Love Stories begins with my setting of Goethe’s Nähe des Geliebten (In the Presence of the Beloved), which Kate sang in our 1980s composition London Bridge is Broken Down (originally recorded for Virgin Venture). This is followed by two pieces from from Citadel/Room 315, written in the mid 70s, the time when Kate and I began our life together. This improvisation on View From The Drawbridge takes the original orchestral version as a starting point. I find that over the intervening years it has taken on new layers of meaning, and acquired all kinds of personal musical references. The ballad Tender Love was immortalized by John Surman on soprano saxophone. The Citadel /Room315 album was initially recorded for RCA and has been re-issued several times over the years.
The song You Make Me Feel Brand New, the Stylistics’ hit, was around at the time of Citadel, and the early days of the Brass Band. One of our earliest gigs in France was at the Sigma Festival in Bordeaux. In the vast and beautiful space of the old Entrepot Lainé, the alto saxophonist Gary Bartz played this song. The magic of that moment has stayed with me ever since.
A Nightingale Sang In Berkeley Square is that rare thing in the repertoire of jazz standards, an English ballad about London. I am fascinated by the idea of using hybrid chords, mixed in with the usual harmonies. In our show Paintbox Jane, about the painter Raoul Dufy, The Sound of Caress is sung by Billy Bottle. This is one of Kate’s loveliest lyrics, evoking the Côte d’Azure and the sound of Collared Doves calling. She Loves You, one of the Beatles’ greatest hits, is a song we played as an encore on Off Abbey Road concerts, with Kate and John Winfield taking the vocals. Like Brand New and other pop songs not generally used in improvisation. I find She Loves You refreshing to play.
The concluding part of the album, The Blues, begins with My Lover’s Coat, from the album Fine ‘n Yellow, (Gonzo Records) dedicated to the memory of John and Marjorie Styles. refers to the fact that, after John’s death, Marjorie always wore his coat on her travels round the world. Kate’s lyric uses this as the starting point. The song is a variant on an 8-bar blues.

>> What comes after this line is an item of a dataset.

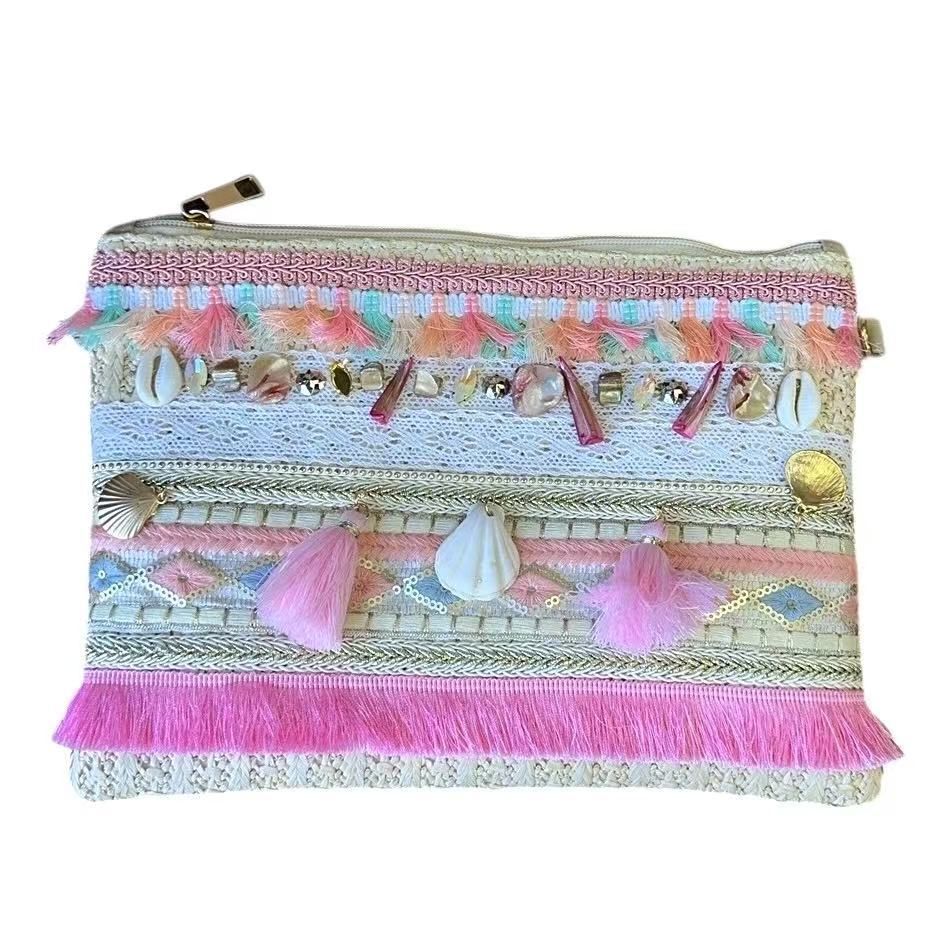 Sac pochette au design richement texturé, évoquant une esthétique bohème et estivale.
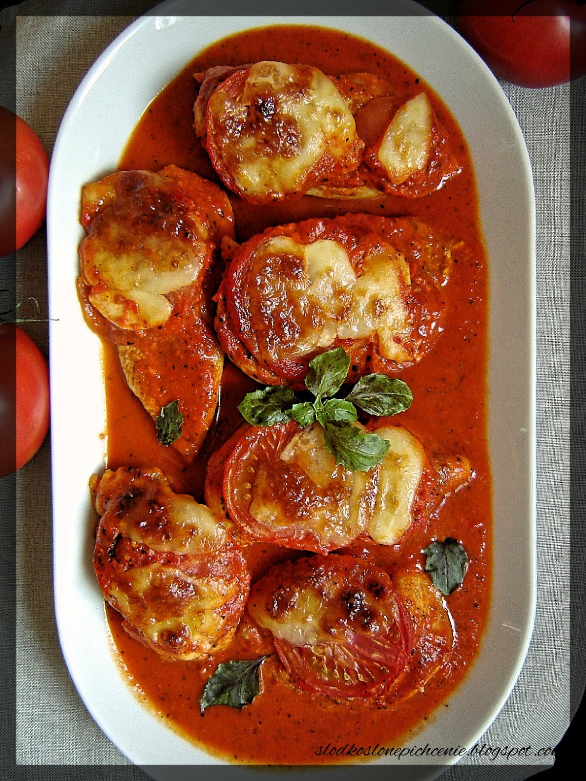 Piersi z kurczaka z pomidorem i mozzarellą zapiekane w w sosie paprykowo-pomidorowym to pomysł na pyszny obiad. 🙂

Trombonist Danilo Terenzi and drummer Tony Marsh were members of the Brass Band in the 80s, a period when we were often on tour together. Both were involved in On Duke’s Birthday. They took part in the premiere and live recording in Amiens in 1984 (hatOLOGY). Derived from one of the movements of On Duke’s Birthday, D.T.T.M. is dedicated to their memory. The piece is basically in 12-bar form with unconventional chords. Good Old Wagon is a brief tip of the hat to Bessie Smith, a song Kate has often sung with the Trio. It’s a 16-bar blues. I never want to forget where this music comes from and what drew me first to Jazz.
When Danilo died, at the tragically early age of thirty nine, I dedicated the piece I was writing for the Steve Martland Band to him. The result was a 24-minute composition (recorded on The Orchestra of Smith’s Academy album). Its starting point was this 8-bar blues. Danilo and Chris Biscoe were also great friends, - Chris and I often play Blues for Terenzi on Trio gigs. It is modeled on Jimmy Yancey’s Death Letter Blues, one of the most moving elegies I know.
My brief version of If Thou Must Love Me is a setting of the Elizabeth Barrett Browning poem, and forms a postscript to a set drawn from forty years of music. The poem was originally suggested by Kate for my previous solo piano album, recorded in 1976. At that time we couldn’t have imagined where our collaboration would lead us.